* [Required work]
Starting from the top of the entries below and ending with the line containing "Rozkošná dámska blúzka", restate every line word for word, pictures omitted.

----

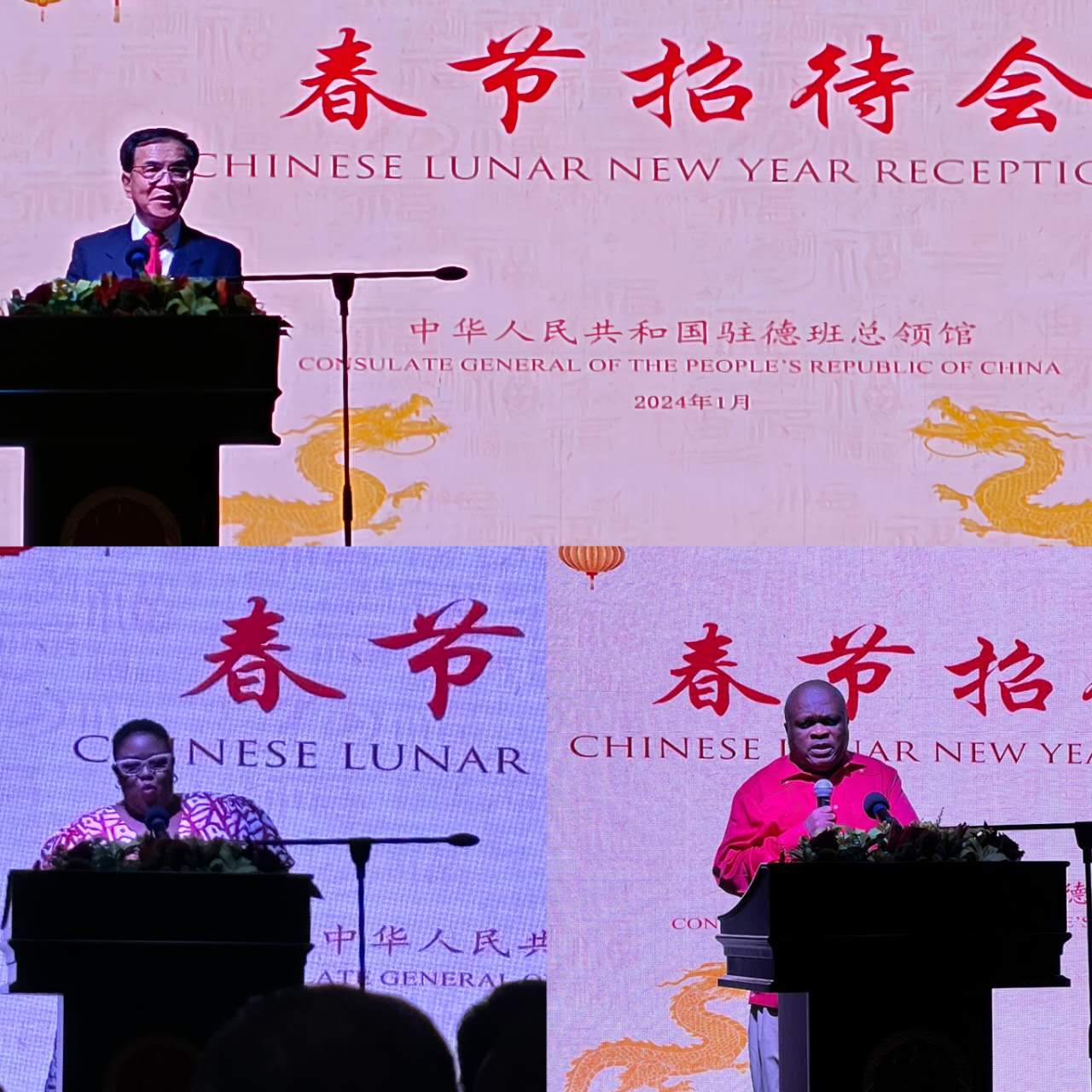 1月28日晚,驻德班总领馆举办龙年春节招待会。南非夸纳省副议长姆滕布、祖鲁王室代表普米王太妃、坦蒂王太妃、德班市米耶尼副市长、夸纳省和德班市政府有关部门代表、各党派议员、当地媒体和各界友人、各国驻德班领事、华侨华人和中资机构代表约300人出席。
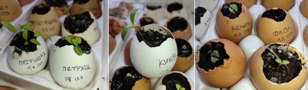 На 15 марта стали видны семядольки, а рассадные ёмкости обильно политы и помещены в теплое место. При появлении первых ростков в яичной упаковке растения были вынесены на свет, и теперь зелёный подоконник ожидает своего времени. Удивление вызывало быструю всхожесть петрушки — она заметно превосходит свои «грядочные» собратья. В одно и то же время появились первые корешки кинзы, что добавляет уверенности в успехе сезона.
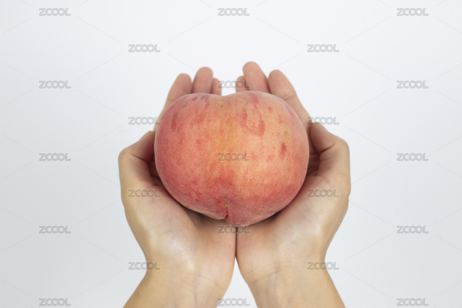 手上拿着一个完整的水蜜桃
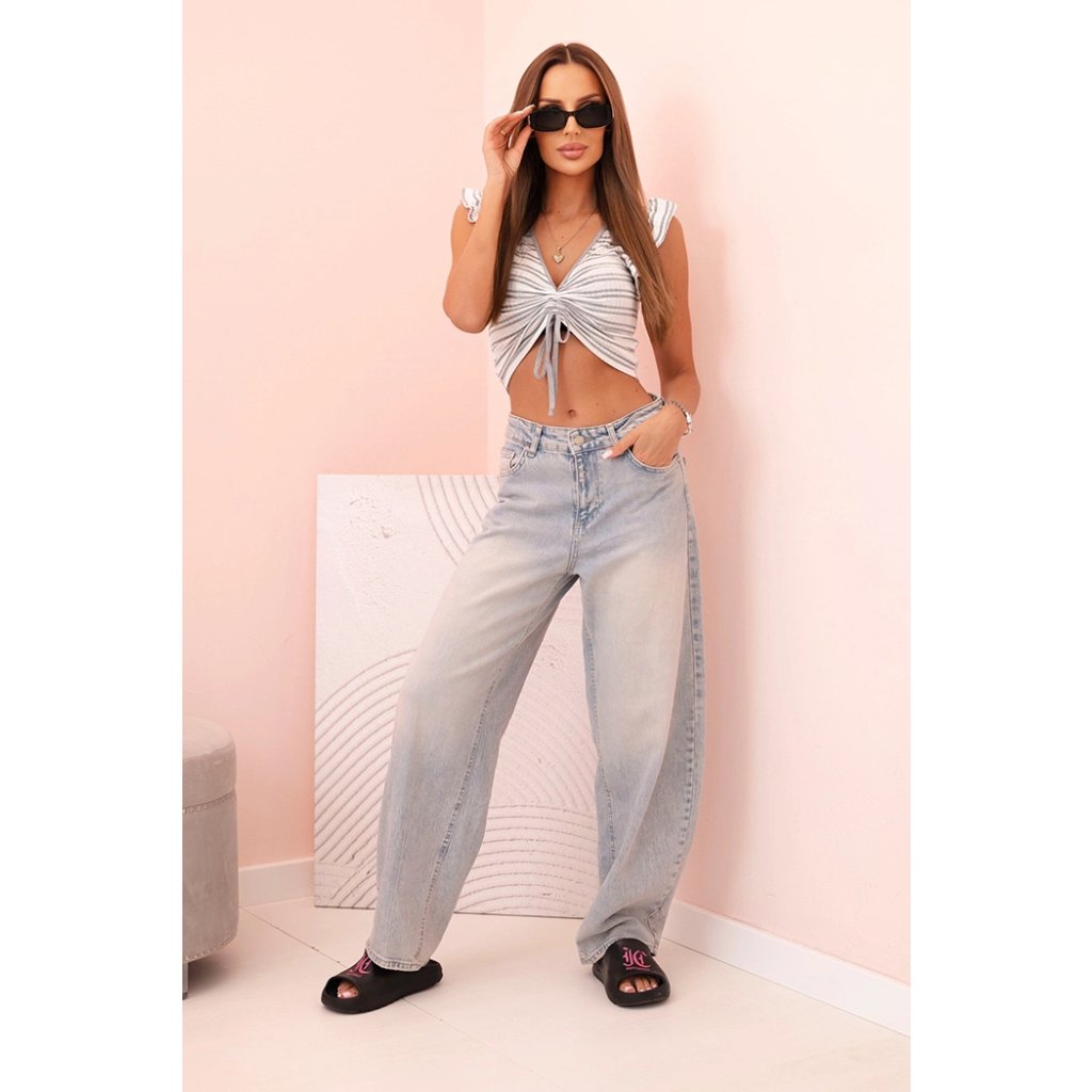 Rozkošná dámska blúzka z rebrovanej tkaniny je skvelou voľbou na teplejšie dni. Model s krátkym rukávom zakončeným ozdobnou volánikovou lemovkou a výstrihom do V podčiarkuje ženskú siluetu a dodáva dievčenský pôvab. Charakteristické nariasenie vpredu s viazaním umožňuje jemne regulovať dĺžku, prispôsobujúci strih vašej postave.
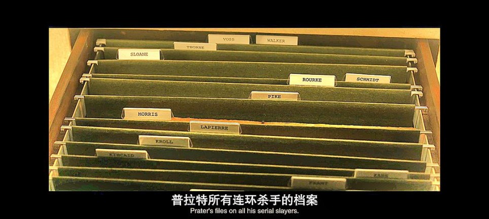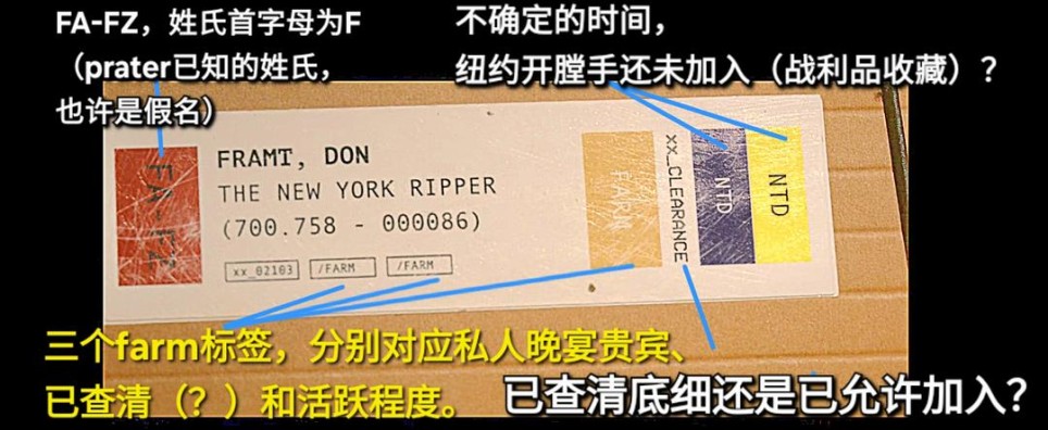 don framt是prater已知的纽约开膛手姓名。 如果纽约开膛手是jonah mitchell,那要么是他在父母、妹妹死后从安全屋逃出,更名改姓去纽约,要么他像dex一样用假名欺骗了prater。 关于三个"farm"标签,由于纽约开膛手已经有五年没有杀人了,只是打电话恐吓受害者家属,我有好几种可怕的猜想。 一是纽约开膛手没有答应加入prater的组织,但是prater一直资助(养育)他,或者,在观察他,等待他回心转意。 二是纽约开膛手已经和prater达成协议,但没有给战利品(所以时间栏是ntd),四处物色受害者饲养,准备搞大屠杀,把最完美的战利品提供给prater。 我更倾向于don framt是个假名,因为编剧不可能让claudette太快破案。从档案标签的磨损程度来看,也许纽约开膛手一直没有答应加入组织,让prater对他有很深的执念,经常拿出来看。
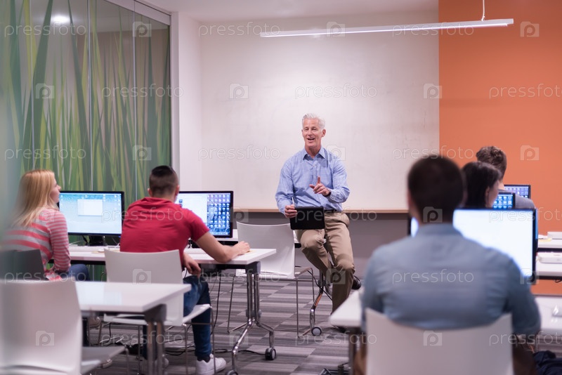 Преподаватель и студенты в компьютерном классе
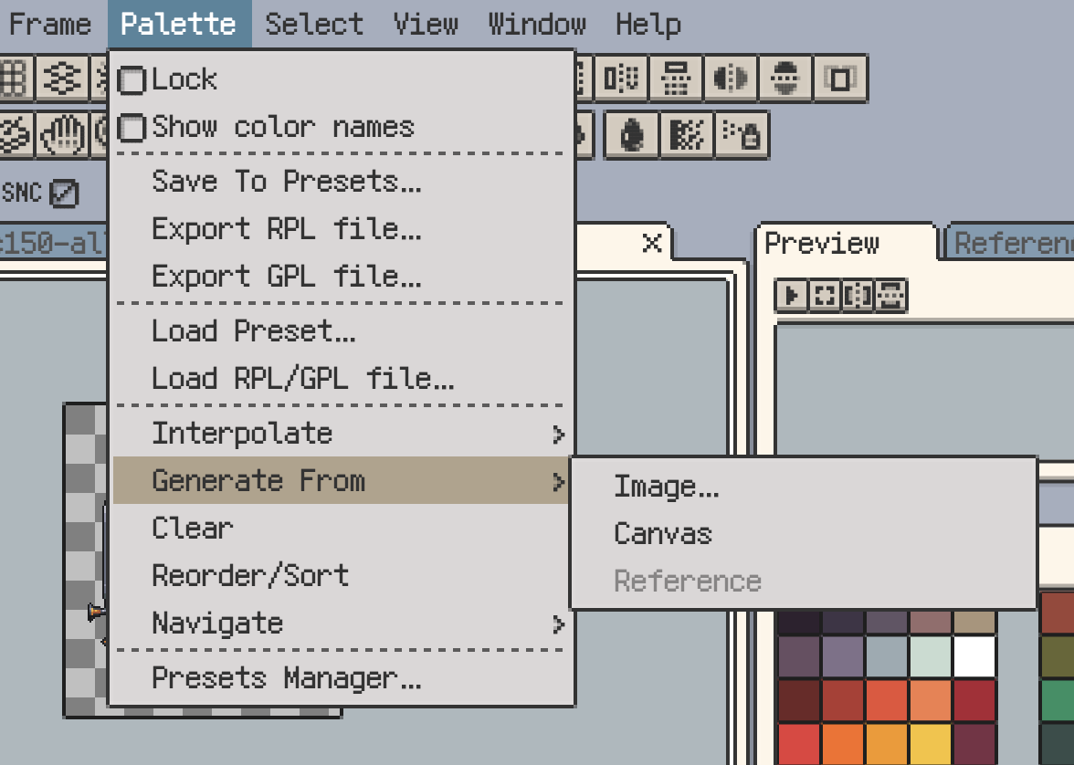 Use Menu ▸ Palette ▸ Generate From to build a palette directly from the canvas, a reference image, or an imported picture.
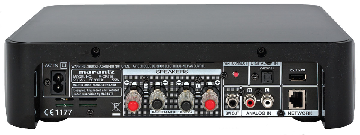 Marantz ma wbudowany protokół Airplay, którym w wygodny sposób prześlemy muzykę z niemal dowolnego mobilnego urządzenia Apple. Port LAN (oraz Wi-Fi) działa także w najpopularniejszym standardzie DLNA; komputery, serwery, dyski sieciowe – wszystko to stoi przed nami otworem.
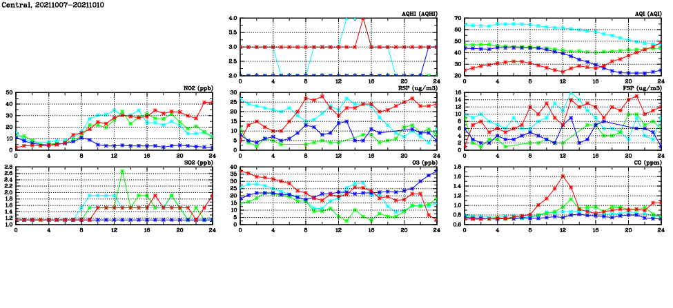 | Air Quality Data Time Series in Central (2021/10/10) | ( Line colors: Day -3 Day -2 Day -1 Current day ) | 2D Map Current AQHI |
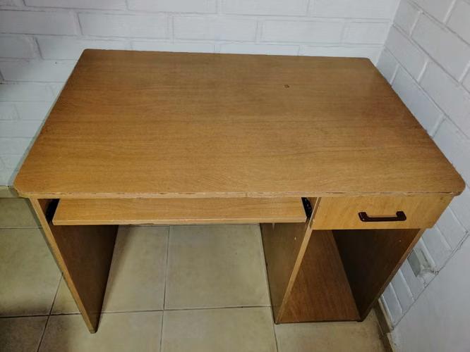 Se vende escritorio pc + silla usado en buen estado, firme y con gran espacio, cuenta con un cajón y bandeja para el teclado, los rieles de ambos en excelente estado; silla con respaldo, regulable en altura. Tiene algunos detalles, un piquete en la madera, el cajón tiene una mancha en su interior, que se aprecia en las fotos. Sus medidas son: - Altura: 73 cm - Ancho: 102 cm - Profundidad: 70 cm Retiro en mi domicilio cerca de metro Elisa Correa.
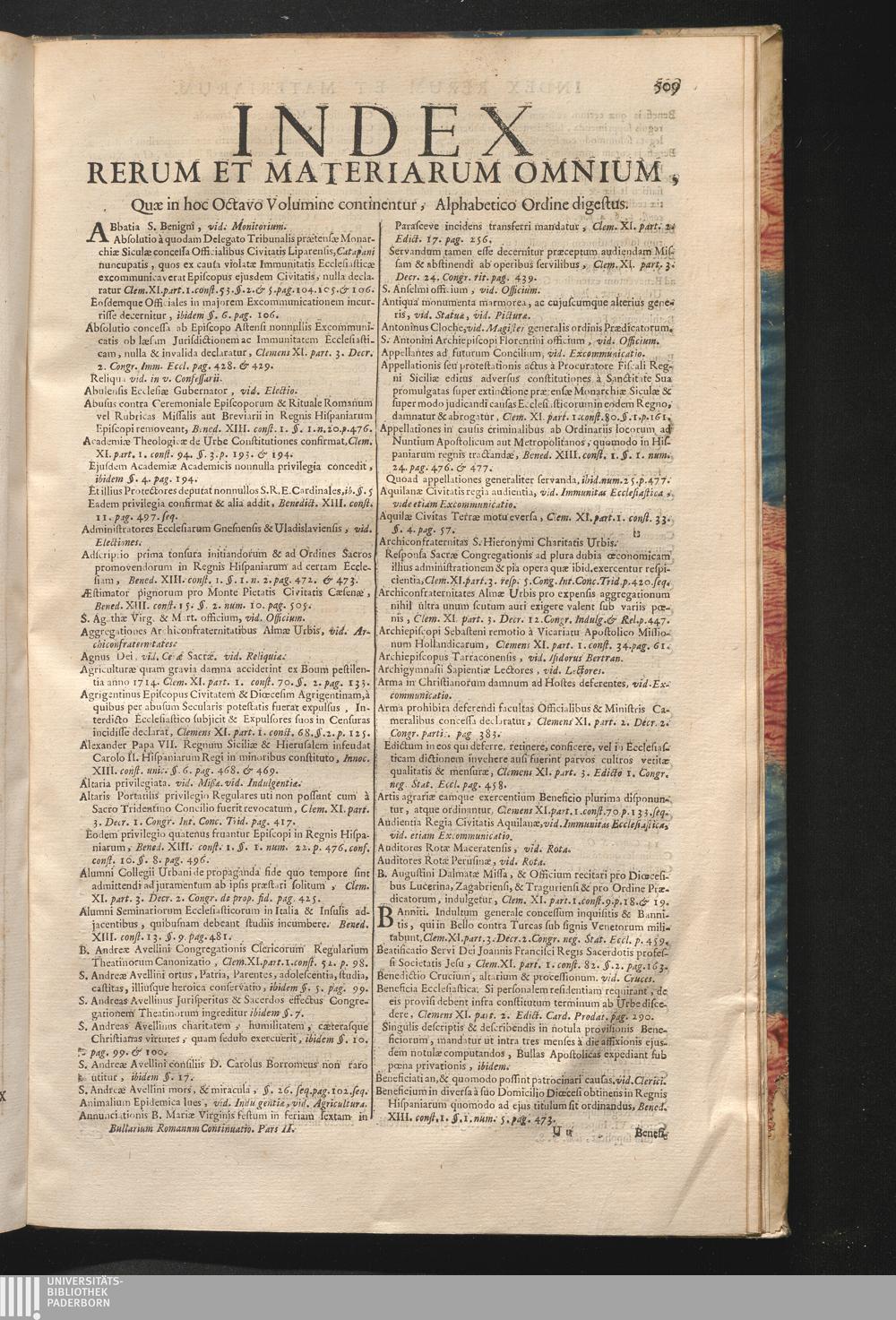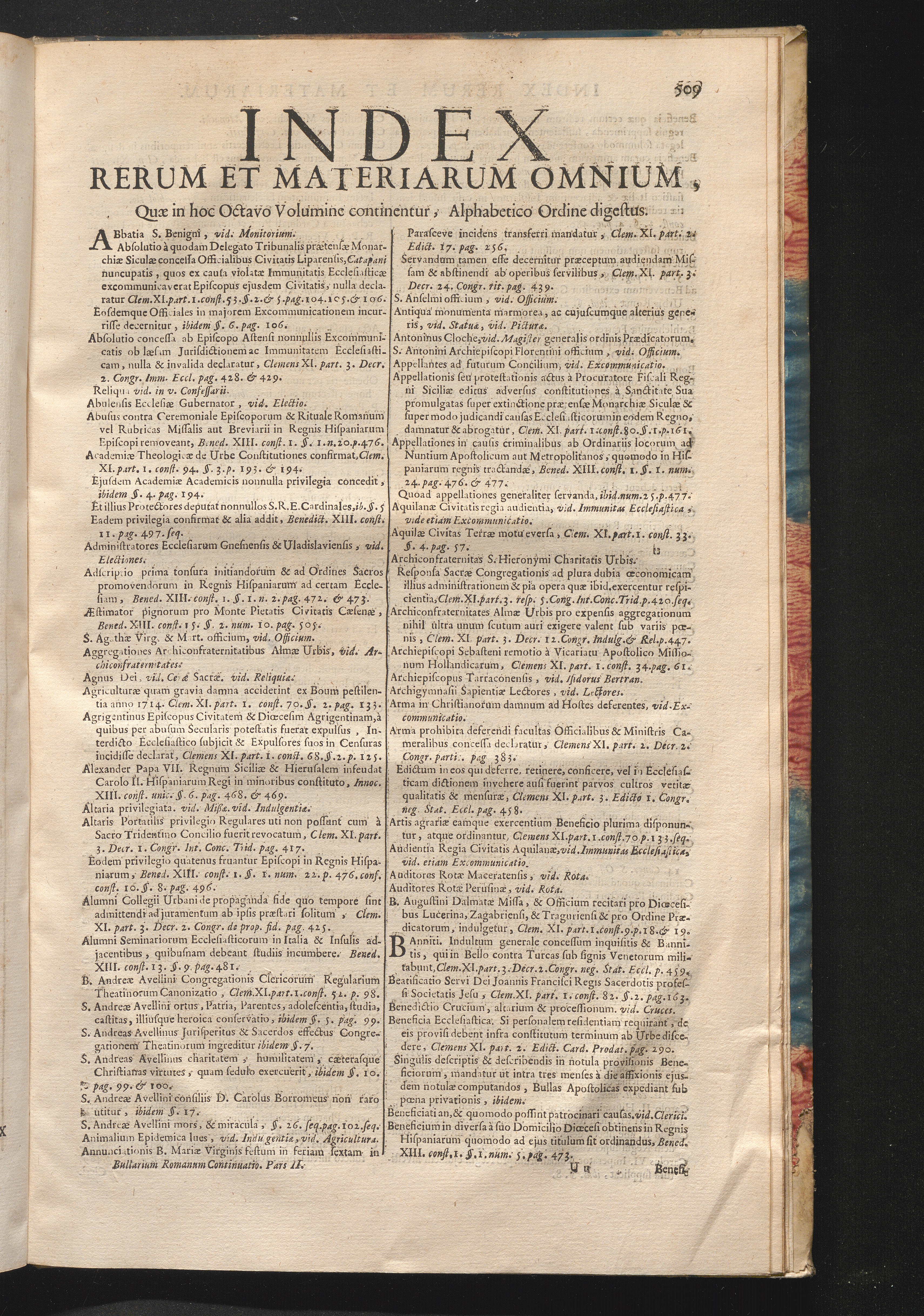 Index Rerum Et Materiarum Omnium, Quӕ in hoc Octavo Volumine continentur, Alphabetico[...]

----

* [Exercise response]
 1月28日晚,驻德班总领馆举办龙年春节招待会。南非夸纳省副议长姆滕布、祖鲁王室代表普米王太妃、坦蒂王太妃、德班市米耶尼副市长、夸纳省和德班市政府有关部门代表、各党派议员、当地媒体和各界友人、各国驻德班领事、华侨华人和中资机构代表约300人出席。
 На 15 марта стали видны семядольки, а рассадные ёмкости обильно политы и помещены в теплое место. При появлении первых ростков в яичной упаковке растения были вынесены на свет, и теперь зелёный подоконник ожидает своего времени. Удивление вызывало быструю всхожесть петрушки — она заметно превосходит свои «грядочные» собратья. В одно и то же время появились первые корешки кинзы, что добавляет уверенности в успехе сезона.
 手上拿着一个完整的水蜜桃
 Rozkošná dámska blúzka z rebrovanej tkaniny je skvelou voľbou na teplejšie dni. Model s krátkym rukávom zakončeným ozdobnou volánikovou lemovkou a výstrihom do V podčiarkuje ženskú siluetu a dodáva dievčenský pôvab. Charakteristické nariasenie vpredu s viazaním umožňuje jemne regulovať dĺžku, prispôsobujúci strih vašej postave.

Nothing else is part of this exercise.